Christian Pilgrimmage In Egypt

We’ve looked at a bit of the coverage of the Swiss ban on the construction of minarets — the spires on mosques that are sometimes used for the call to prayer. Earlier this month, I noted a single story that looked at how religious freedom is handled in some Muslim countries. Many stories didn’t bother to mention the issue even while they covered the outrage toward the Swiss ban from various leaders in these Muslim countries. Reader Mike Hickerson asked:

Could this be a variation on the “hypocrisy is the only sin” meme that pops up whenever there’s a political sex scandal? Western countries say they value religious freedom, so they are held accountable when they fail to live up to their own standards. Meanwhile, countries that explicitly deny religious freedom are given a free pass because they’re only being consistent.

Well, the New York Times has a story by Daniel Williams — two weeks later — about how religious freedom is handled in Egypt:

On a side street in the far northeast Cairo suburb of Ain Shams, the door of a five-story former underwear factory is padlocked.

This is, or was supposed to be, the St. Mary and Anba Abraam Coptic Christian Church. The police closed it Nov. 24, 2008, when Muslims rioted against its consecration. Since then local Copts have had to commute to distant churches or worship in hiding at one another’s homes.

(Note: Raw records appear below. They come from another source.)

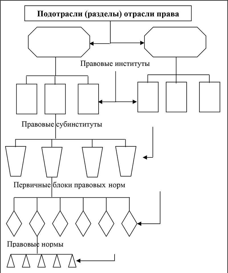 В составе общественных отношений, выступающих в качестве предмета определенной отрасли права, выделяются виды и подвиды (разновидности) отношений, которым помимо общих конструктивных признаков (элементов), обеспечивающих их однородность, присущи какие-либо специфические дополнительные признаки. Правовые нормы, отражающие дополнительные признаки видов и подвидов отраслевых отношений, группируются в подсистемы разного порядка – внутренние структурные подразделения отрасли. Другими словами, внутренняя структура отрасли, иерархия ее составных частей определяется составом однородных общественных отношений, являющихся предметом данной отрасли. Предметный признак лежит в основе внутренней структуры отрасли.
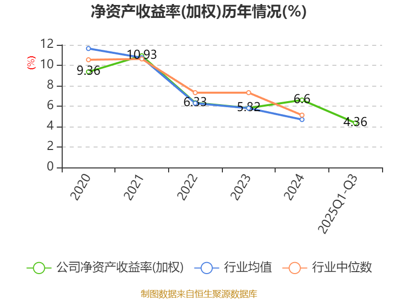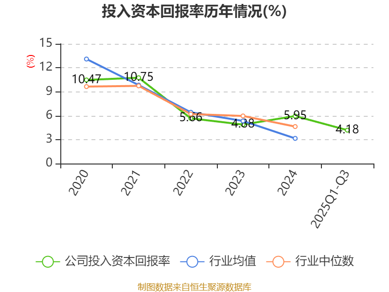 盈利能力方面, 2025年前三季度公司加权平均净资产收益率为4.36%,同比下降0.44个百分点。公司2025年前三季度投入资本回报率为4.18%,较上年同期下降0.08个百分点。
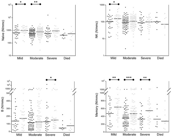Comparison of circulating lymphocyte subpopulations in 144 COVID-19 patients with different severity at hospital admission (black circle) and after 1 week (white circle). The black lines represent the median values. * p < 0.05; ** p < 0.005; *** p < 0.0005.
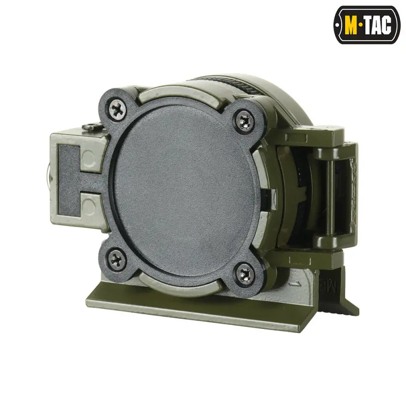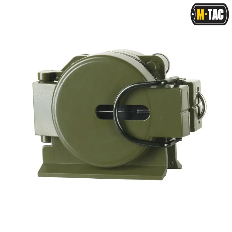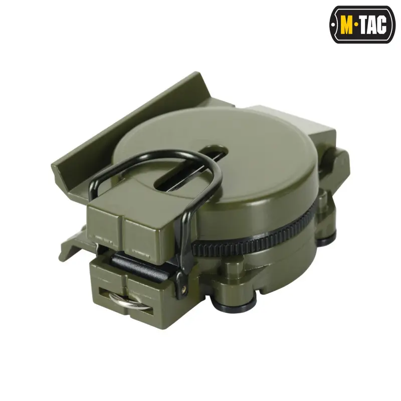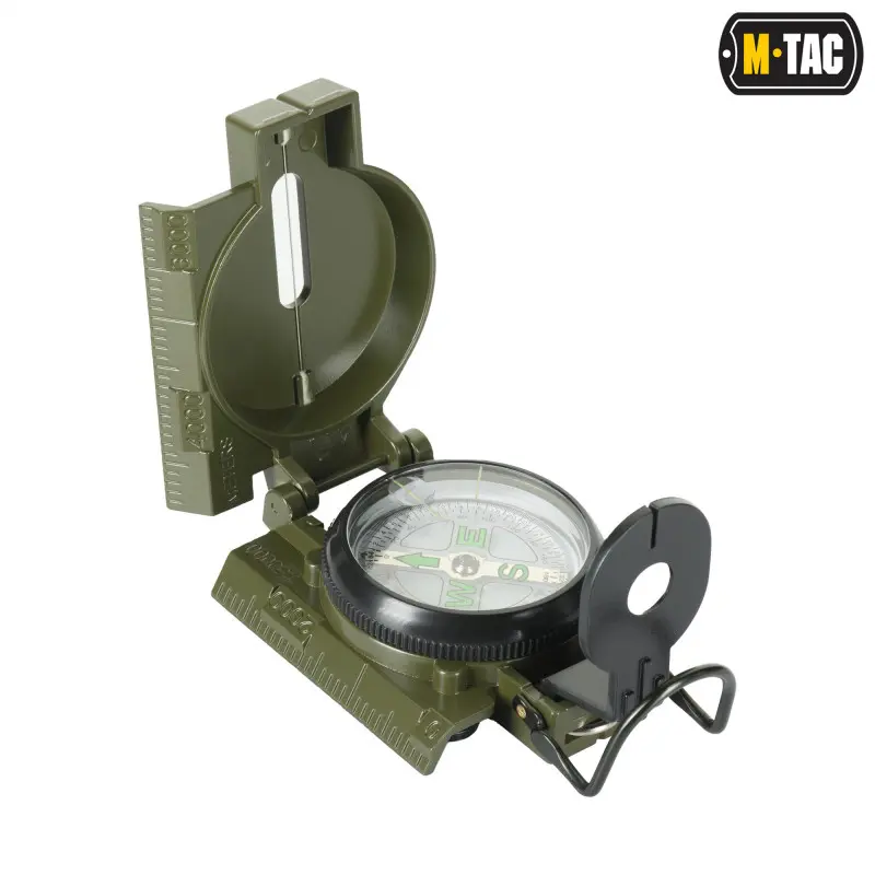 Компас M-Tac на складаній алюмінієвій рамці (кришка з візиром і підставка, на якій обертається капсула з лімбом і стрілкою.) Рамка використовується для установки азимута. Азимут береться так: направляємо довгу сторону компаса на орієнтир, повертаємо капсулу з лімбом так, щоб північ стрілки збіглась з північчю на лімбі. За зарубкою, на повернутому до орієнтира кінці рамки, зчитуємо чисельне значення азимута. Дана модель компаса оснащена глазком, щоб більш точно подивитись комбінацію азимута. Також точні розрахунки допомагає робити лінійка, нанесена на рамку компаса.
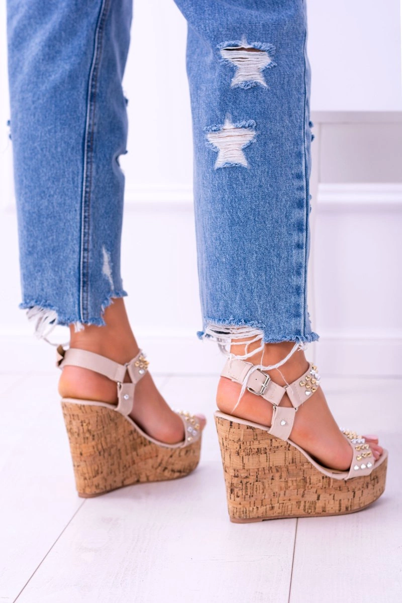 Lu Boo Beżowe Damskie Sandały Na Koturnie Ćwieki Valeria
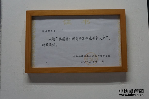 陈孟邦荣获福建省“百人计划”企业创新人才奖。(中国台湾网 张玲 摄)
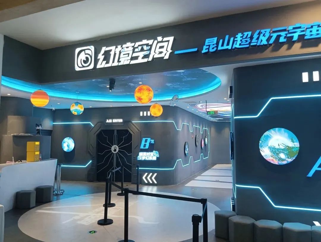 在昆山梦多多小镇,就有这样一个文旅元宇宙的落地应用场景:幻境空间。它是由苏州国之威文化科技有限公司打造的六维沉浸式体验场景,运用了33项核心VR技术,300平方米高清高刷LED显示屏,环绕全场的十通道全景音效,六块数吨重的超白超透玻璃组成的悬浮廊桥,让观众沉浸式体验《穿越侏罗纪》《宇宙探秘》《飞越地平线》等影片,给人一种跨越时空、穿梭天地的身临其境的感觉。
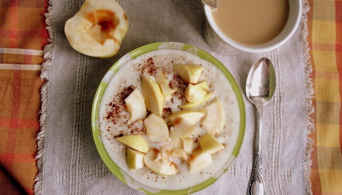 - Варите овсяные хлопья с яблоком в 1 стакане воды 2-3 минуты.
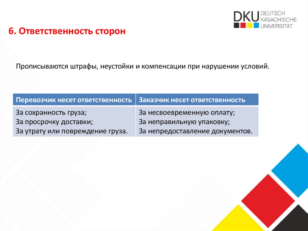 4. Ответственность за повреждение груза — конкретно определить сумму
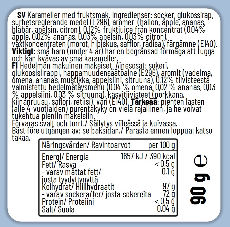 Päivitämme tuotetietoja jatkuvasti. Suosittelemme aina kuitenkin tarkistamaan tiedot pakkauksesta.
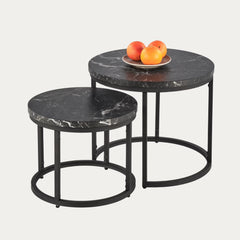 Luna sarjapöytä koostuu kahdesta eri kokoisesta pöydästä, jotka sopivat hyvin yhteen mutta voidaan sijoittaa myös erikseen. Sarjassa on käytetty mustaa metallirunkoa tukemaan pyöreää kansilevyä.

While Muslim leaders criticized the Nov. 29 vote in Switzerland that banned construction of minarets, the distinctive spires on mosques that are used for the call to prayer, they don’t support Christians who want to build churches in some Islamic countries. Restrictions in Egypt have exacerbated sectarian violence and discrimination, say Copts, a 2,000-year-old denomination that comprises about 10 percent of the population.

The story discusses what top Muslim clerics in Egypt said about the Swiss vote and how Copts felt about such outrage in light of their own situation. It discusses how non-Muslims are arrested for worshiping in Saudi Arabia, how citizenship in the Maldives is reservedfor Muslims and how Libya punishes conversion from Islam by death and limits churches to one per denomination in cities.

As if to speak directly to Mike Hickerson’s comment above, this story includes a quote from Harbi Muhammed Ali, a cafe owner who thinks that Copts don’t need more than one church. He adds:

As for Switzerland, “the West is always preaching human rights,” he said. “It’s their problem.”

I wonder, though, if this story isn’t just a continuation of the hypocrisy meme — the idea that the only sin a journalist can recognize is the sin of hypocrisy. The reason why this excellent story is written is because these Egyptians were hypocritical in their criticism (and that 2-week-old news hook). It’s hard to get a critical look at religious freedom in Muslim countries on the merits of the issue alone. And the kicker to the story is a quote from a Copt denouncing the Swiss ban on the grounds that all religious adherents should have the freedom to build.

Still, this story is very interesting. It looks at data from the U.S. State Department’s report on religious freedom — a fascinating, if sober, document released annually that is woefully under-covered. I do wish we’d gotten more perspective from those who deny religious freedom to the Copts. We get a lot of information about the situation on the ground but very little understanding as to how the government justifies — officially and unofficially — the repression.